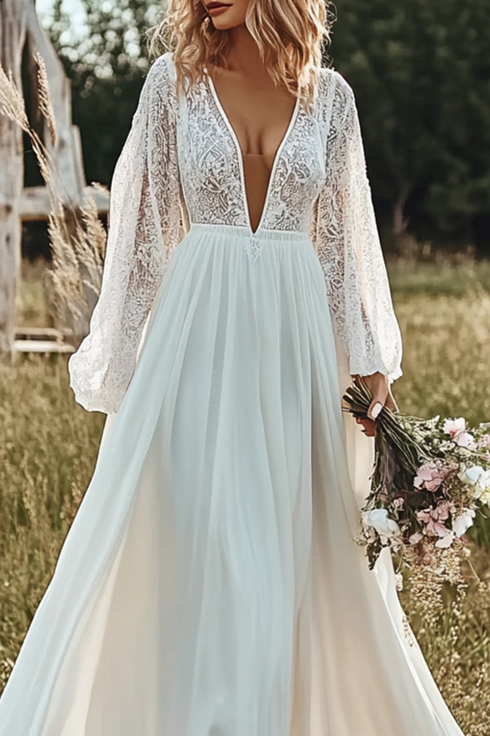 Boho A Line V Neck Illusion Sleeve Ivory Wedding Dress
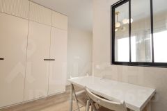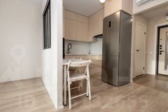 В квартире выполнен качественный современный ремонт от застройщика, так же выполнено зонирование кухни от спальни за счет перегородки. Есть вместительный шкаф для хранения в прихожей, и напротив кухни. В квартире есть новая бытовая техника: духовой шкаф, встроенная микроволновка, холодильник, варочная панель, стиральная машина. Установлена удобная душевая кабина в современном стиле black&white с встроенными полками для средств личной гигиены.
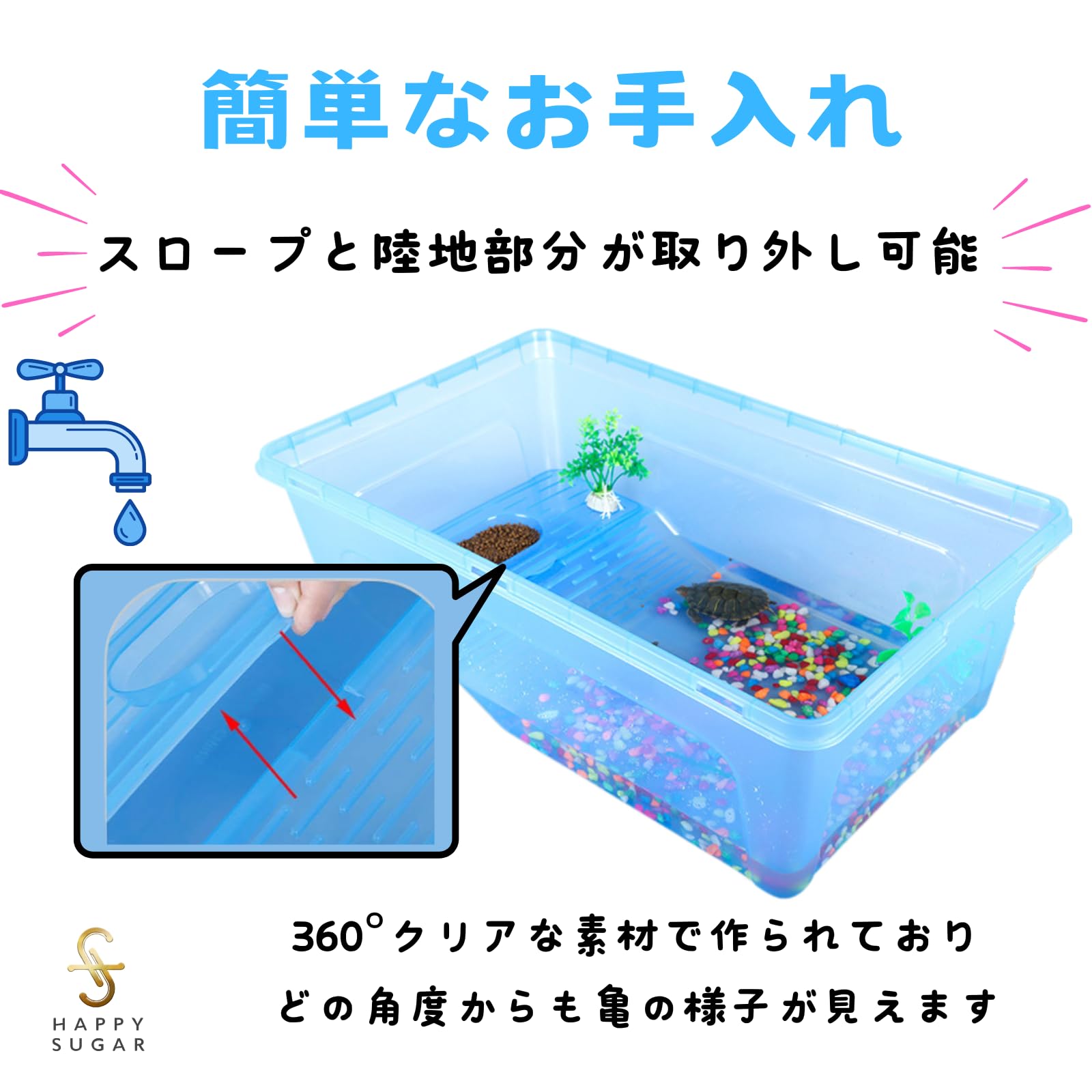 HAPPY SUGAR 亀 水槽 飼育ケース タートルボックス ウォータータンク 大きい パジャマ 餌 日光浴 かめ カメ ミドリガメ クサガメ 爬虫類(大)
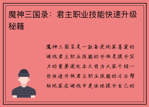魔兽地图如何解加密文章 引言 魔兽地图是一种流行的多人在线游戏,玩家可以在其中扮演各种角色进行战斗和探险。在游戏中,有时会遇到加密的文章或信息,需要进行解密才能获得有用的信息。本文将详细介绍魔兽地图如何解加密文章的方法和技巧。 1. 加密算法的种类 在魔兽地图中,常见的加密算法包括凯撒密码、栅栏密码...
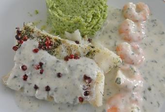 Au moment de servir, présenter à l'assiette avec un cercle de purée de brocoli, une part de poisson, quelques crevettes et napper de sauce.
————
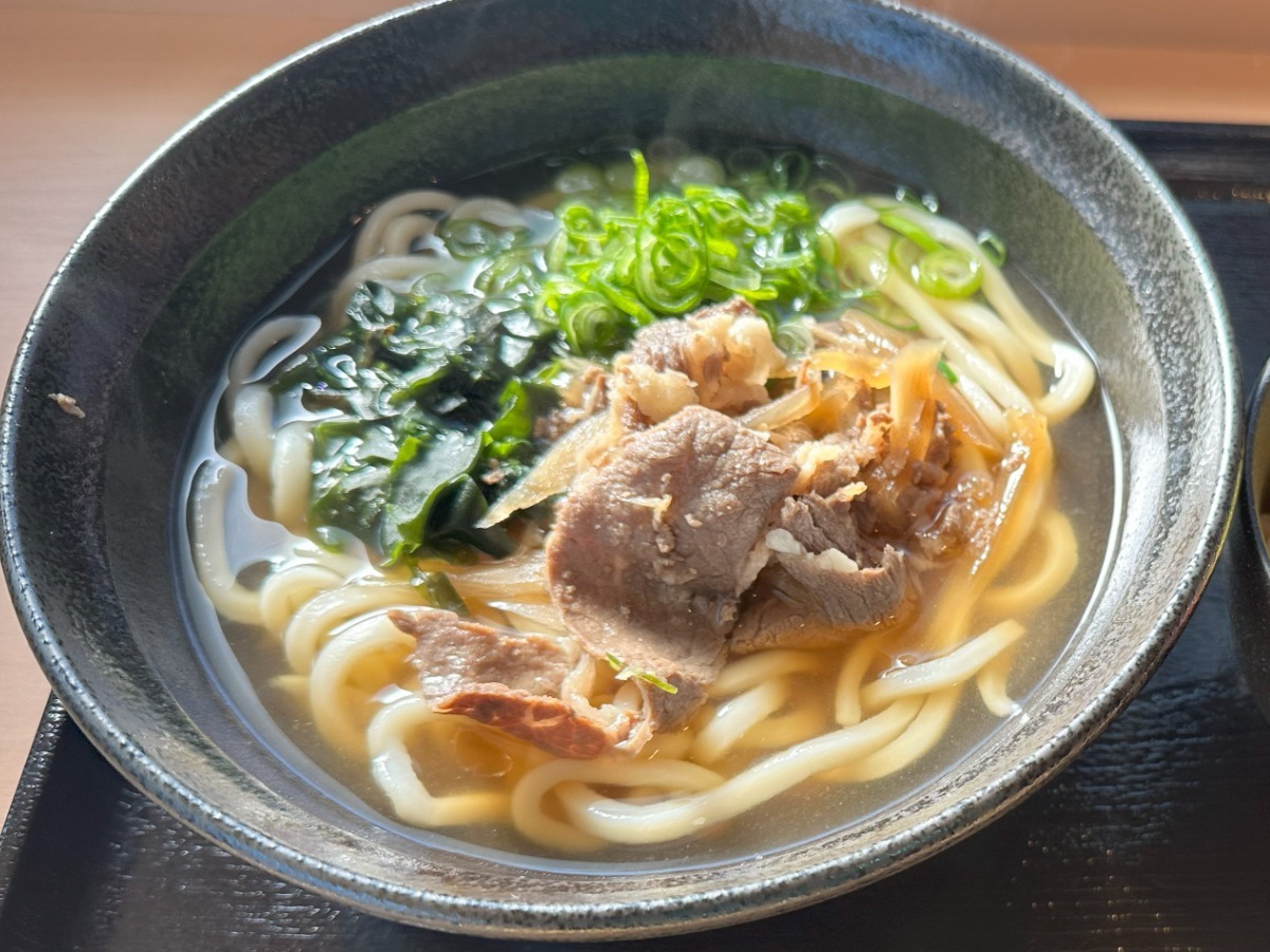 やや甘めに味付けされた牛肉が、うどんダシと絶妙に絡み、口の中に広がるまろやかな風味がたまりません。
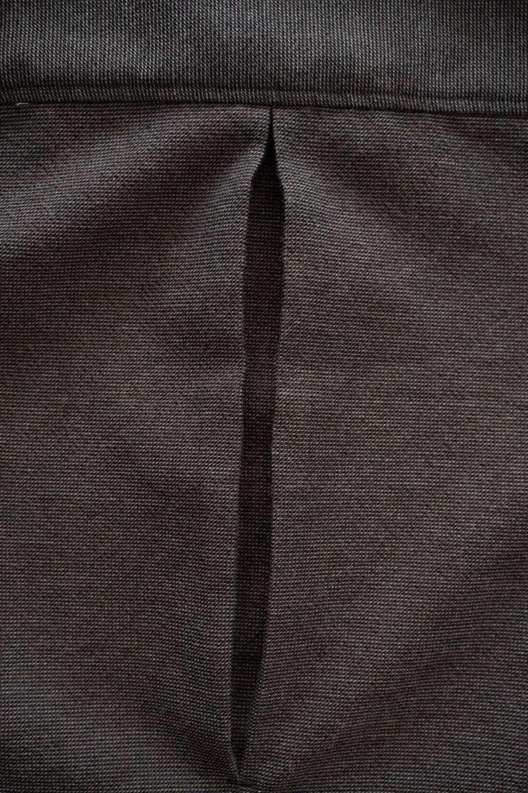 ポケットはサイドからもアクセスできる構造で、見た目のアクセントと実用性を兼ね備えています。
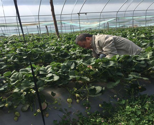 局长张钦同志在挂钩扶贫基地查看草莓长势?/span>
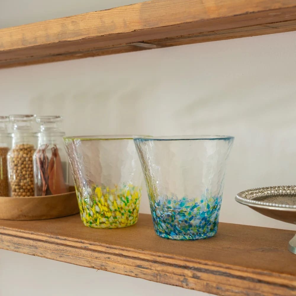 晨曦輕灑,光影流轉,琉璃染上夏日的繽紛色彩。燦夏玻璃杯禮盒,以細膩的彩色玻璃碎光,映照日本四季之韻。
————
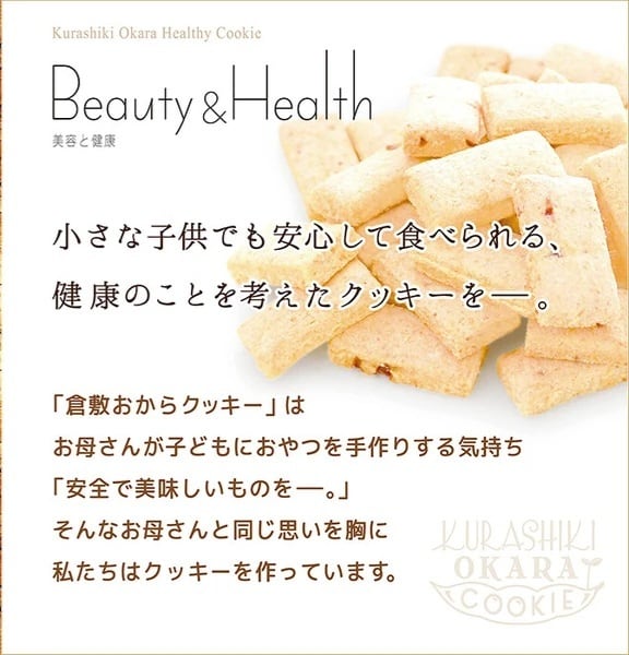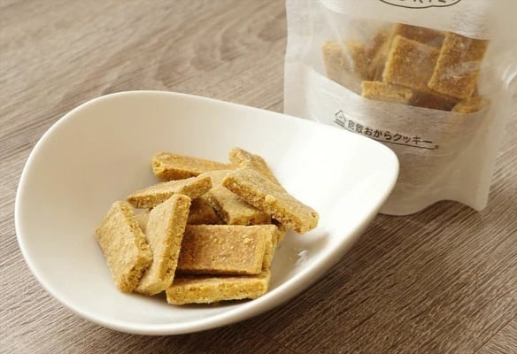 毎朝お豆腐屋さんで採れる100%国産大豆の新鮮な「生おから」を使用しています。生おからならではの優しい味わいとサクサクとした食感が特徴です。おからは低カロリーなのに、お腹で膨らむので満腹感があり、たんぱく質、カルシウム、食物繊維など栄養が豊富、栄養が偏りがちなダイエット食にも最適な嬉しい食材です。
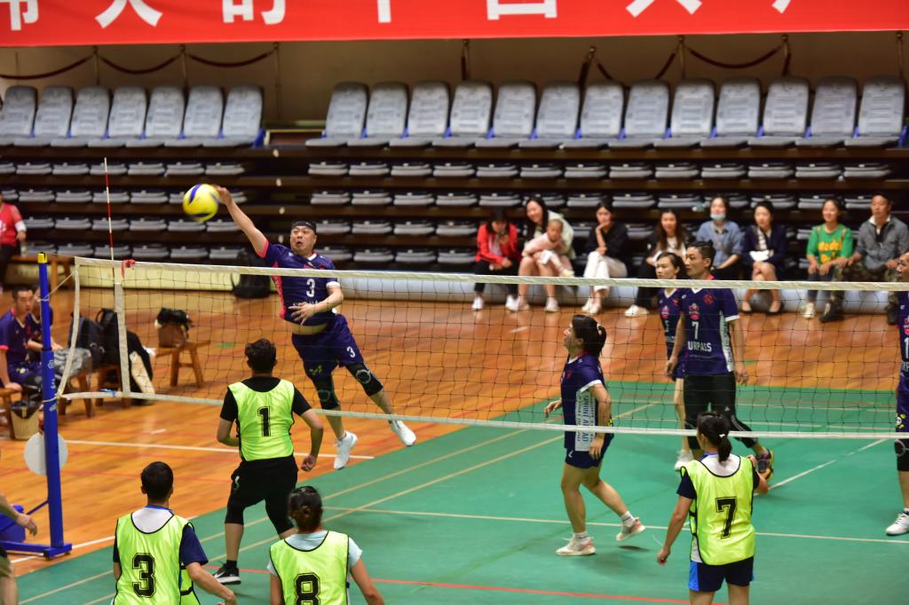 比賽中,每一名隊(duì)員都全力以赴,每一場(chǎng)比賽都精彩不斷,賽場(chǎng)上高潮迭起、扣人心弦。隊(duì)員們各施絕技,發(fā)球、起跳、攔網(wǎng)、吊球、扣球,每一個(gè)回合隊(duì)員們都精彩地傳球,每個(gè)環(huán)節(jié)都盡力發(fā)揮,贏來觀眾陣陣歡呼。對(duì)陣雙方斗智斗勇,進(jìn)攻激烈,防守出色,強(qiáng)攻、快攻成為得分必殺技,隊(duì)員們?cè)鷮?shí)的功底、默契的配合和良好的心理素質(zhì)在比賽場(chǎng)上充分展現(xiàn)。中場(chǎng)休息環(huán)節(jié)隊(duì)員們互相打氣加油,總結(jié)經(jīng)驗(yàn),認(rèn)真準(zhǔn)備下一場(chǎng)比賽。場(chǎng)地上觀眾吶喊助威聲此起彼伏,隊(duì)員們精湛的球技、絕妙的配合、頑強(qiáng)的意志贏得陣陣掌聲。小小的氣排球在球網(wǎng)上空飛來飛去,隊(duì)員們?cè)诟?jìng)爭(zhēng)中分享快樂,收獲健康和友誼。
————
→ **What you have to do**
Range to print from the listing above: from the line with "毎朝お豆腐屋さんで採れる10" up to and including the line with "比賽中,每一名隊(duì)員". Please print those lines exactly, with no pictures and nothing more.

→ **Answer box**
 毎朝お豆腐屋さんで採れる100%国産大豆の新鮮な「生おから」を使用しています。生おからならではの優しい味わいとサクサクとした食感が特徴です。おからは低カロリーなのに、お腹で膨らむので満腹感があり、たんぱく質、カルシウム、食物繊維など栄養が豊富、栄養が偏りがちなダイエット食にも最適な嬉しい食材です。
 比賽中,每一名隊(duì)員都全力以赴,每一場(chǎng)比賽都精彩不斷,賽場(chǎng)上高潮迭起、扣人心弦。隊(duì)員們各施絕技,發(fā)球、起跳、攔網(wǎng)、吊球、扣球,每一個(gè)回合隊(duì)員們都精彩地傳球,每個(gè)環(huán)節(jié)都盡力發(fā)揮,贏來觀眾陣陣歡呼。對(duì)陣雙方斗智斗勇,進(jìn)攻激烈,防守出色,強(qiáng)攻、快攻成為得分必殺技,隊(duì)員們?cè)鷮?shí)的功底、默契的配合和良好的心理素質(zhì)在比賽場(chǎng)上充分展現(xiàn)。中場(chǎng)休息環(huán)節(jié)隊(duì)員們互相打氣加油,總結(jié)經(jīng)驗(yàn),認(rèn)真準(zhǔn)備下一場(chǎng)比賽。場(chǎng)地上觀眾吶喊助威聲此起彼伏,隊(duì)員們精湛的球技、絕妙的配合、頑強(qiáng)的意志贏得陣陣掌聲。小小的氣排球在球網(wǎng)上空飛來飛去,隊(duì)員們?cè)诟?jìng)爭(zhēng)中分享快樂,收獲健康和友誼。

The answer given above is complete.